Evvel zaman içinde, köyün birinde melun mu melun bir çoban yaşarmış. İnsan demez hayvan demez her bir mahlûkata eziyet edermiş. Kötülüğü yüzüne yansır, çirkinliğinin ünü dağlar ovalar aşarmış. İnsanlar cani ruhundan korkar yanına bile yaklaşmazmış. Karakola düşermiş çoban; bir şekilde çıkar, zulme kaldığı yerden devam edermiş. Köylüden dayak yermiş çoban, çıkar ahaliye eziyete devam edermiş. İnsanlar neylesin, “Elleşmeyelim de çoluğa çocuğa tebelleş olmasın” derlermiş.

Bir huyu varmış çobanın. Her akşam saat dokuzda yatar sabah dokuzda kalkarmış. Böyle geç uyanan çoban olur mu demeyin, develer tellal iken olur. On iki saatlik döngüyü istisnasız tamamlarmış çoban. Olur da uyumakta gecikirse, yine on iki saati tamamlamak için geç kalkarmış. Hiç şaşmaz, ömrünün yarısını uyur yarısını uyanık geçirirmiş.

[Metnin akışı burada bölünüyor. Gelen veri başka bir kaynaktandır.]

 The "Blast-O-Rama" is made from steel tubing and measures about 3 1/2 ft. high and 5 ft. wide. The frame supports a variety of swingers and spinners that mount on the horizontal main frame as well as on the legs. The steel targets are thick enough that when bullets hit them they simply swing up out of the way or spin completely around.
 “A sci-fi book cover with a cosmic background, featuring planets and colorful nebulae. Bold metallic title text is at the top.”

Bir gün evlenmiş çoban. Allah’ın gücüne gitmesin de o melun sıfatıyla, yanında tezeği misk-i amber kılan kokusuyla, toynağa dönmüş taş tırnaklarıyla bu musibeti kim koynuna alır ey okur? Almış bir gariban, ona da eziyeti evde sürer gidermiş. Kadın evde illallah eder, her gün ayrı birine umarsızca anlatırmış. Kocasının adı her anıldığında kadının ilençle söylediklerinin arasına şu cümle sıkışırmış: “Melek gibi de uyur Allahsız.”

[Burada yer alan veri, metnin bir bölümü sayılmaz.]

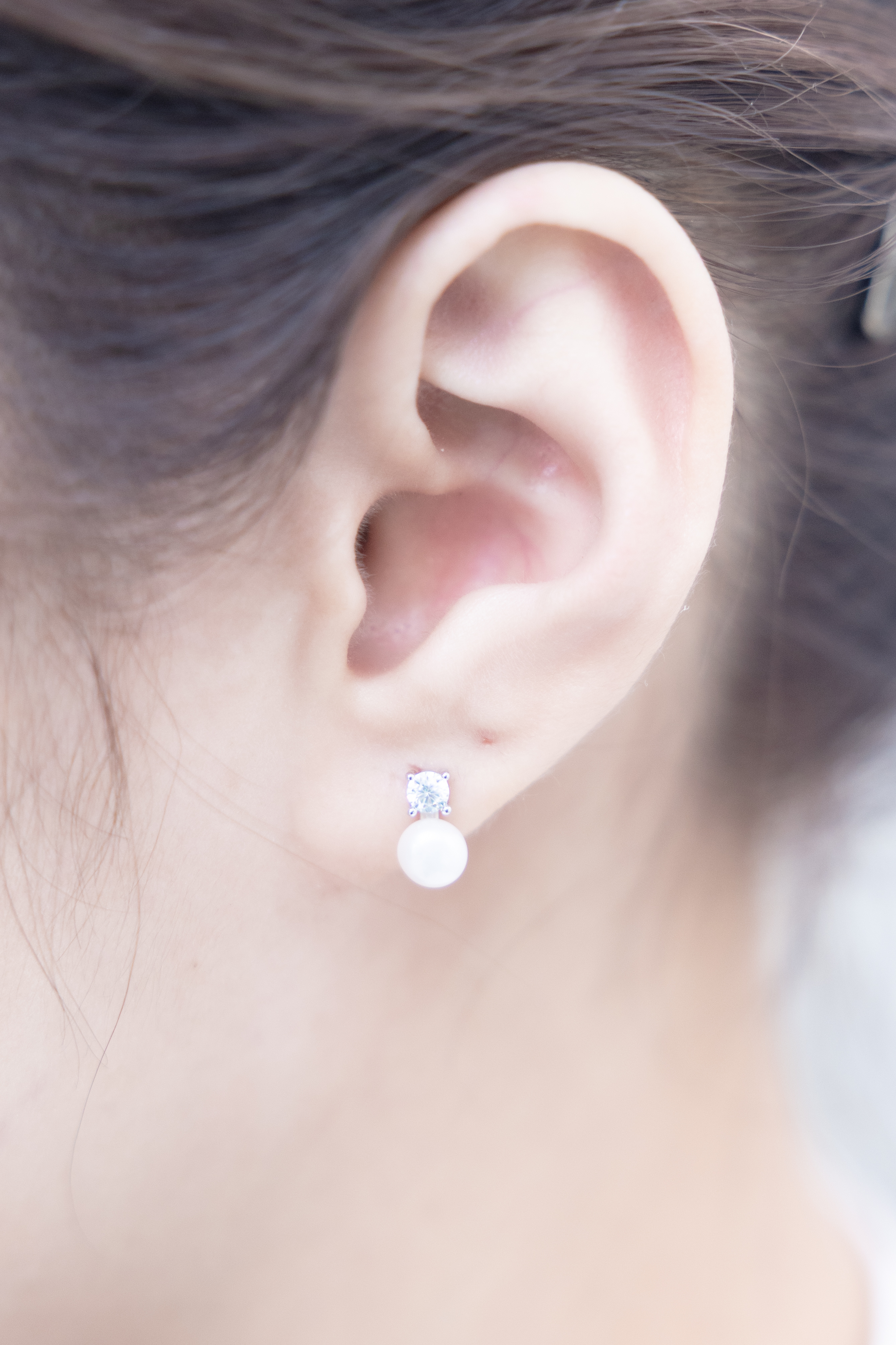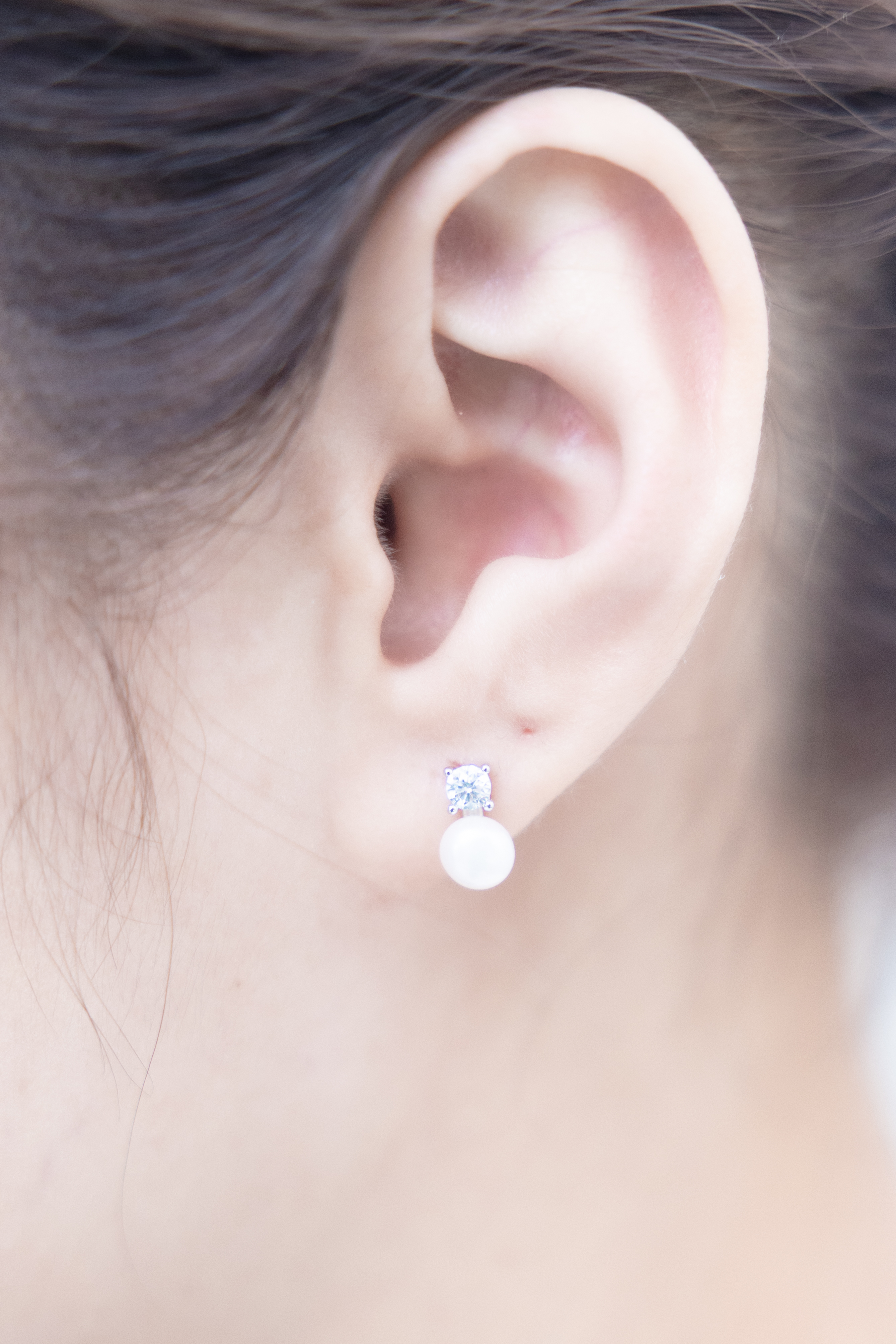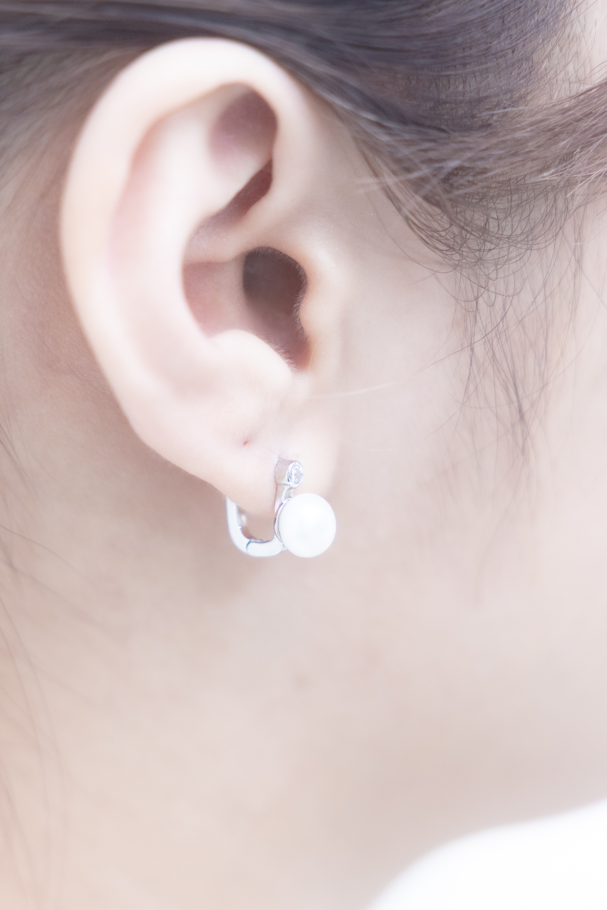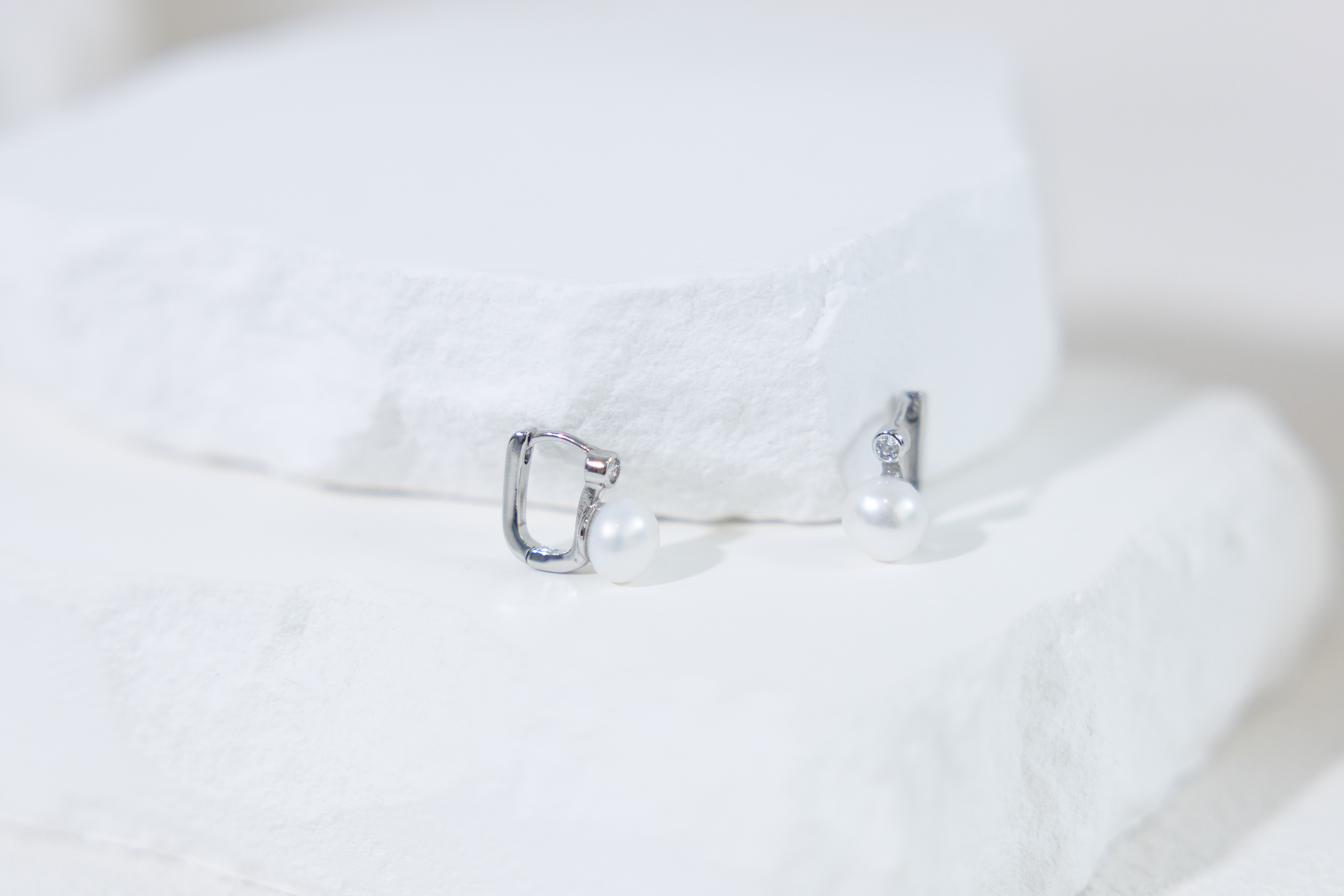 귀걸이 小鋯石U型圈型耳環 / 銀色

Günlerden bir gün, içinde çocukların da olduğu bir ev kundaklanmış, evdekiler son anda kurtarılmış. Akşam dokuza beş kala lanet çobanı olay yerinden geçerken görenler varmış. Zaten böyle bir kötülüğü yapsa yapsa bir kişi yaparmış. Her taşın altına bakmışlar da çobanı bir ağacın altında uyurken bulmuşlar. Topböceği gibi kıvrılmış ağacın altına, bir de bebekler gibi gülümsermiş uykusunda. Yangının çıktığı evde yaşayanlardan birinin akrabası çobanın kafasına sert bir tekme savurmuş. Acıyla ve şaşkınlıkla uyanmış çoban, ayakta duran kalabalığa boş gözlerle bakmış. Çobanı linç etmeye yeltenen gençleri jandarmanın havaya açtığı ateş durdurmuş. “Bir durun,” demiş başçavuş, “Karakola götürelim adamı hele...” Çoban anlam verememiş olan bitene, yüzüne nur inmiş, sanki onca kötülüğü eden kendisi değilmiş gibi... “Bir şey mi oldu komşular, nedir benim gibi bir garibanla derdiniz?” diye inim inim inlemiş. “Fukaraların evini niye yaktın lan piç” diye bağırmış kalabalıktan genç biri. Çoban başını ellerinin arasına almış, “Gece, gündüz, gece, gündüz…” diye sayıklamaya başlamış. Öfkeli kalabalık başçavuşu ve beraberindeki askerleri aşmış, çobana saldırmış. Tekmelerle yüzü gözü kan içinde kalmış çobanın. Ölmüş çoban, son sözü ‘gece’ olmuş.

Çobanın sözlerindeki sırra onu toprağa veren gelen dedesi ermiş. Çoban çocukluğundan beri rüyasını gerçek, gerçeği kâbus, gündüzü gece, geceyi gündüz sanırmış. On iki saatlik uykusunda gördüğü rüyalarda çocukların başını okşar, hayvanlarına bakar, derdi olana deva ararmış. Uyandığında ise on iki saatlik kâbusuna başlar, kötü bir adam olduğu rüyanın bir an evvel bitmesini umarmış.

Ben dedemin beşiğini tıngır mıngır sallar iken, çobanın dedesi hakikati fark etmiş. Uyandırmış minik şeytanı, iki döngü arasındayken melunun ağzından lafları alıvermiş. Allah’ın işine karışılmaz da insan düşünmeden edemiyor işte. E, o zaman çoban hangisidir, sorgulanacak günahlar hangi on iki saati içerir?

Pireler berberdir ya… Peki, çoban gece midir, gündüz müdür?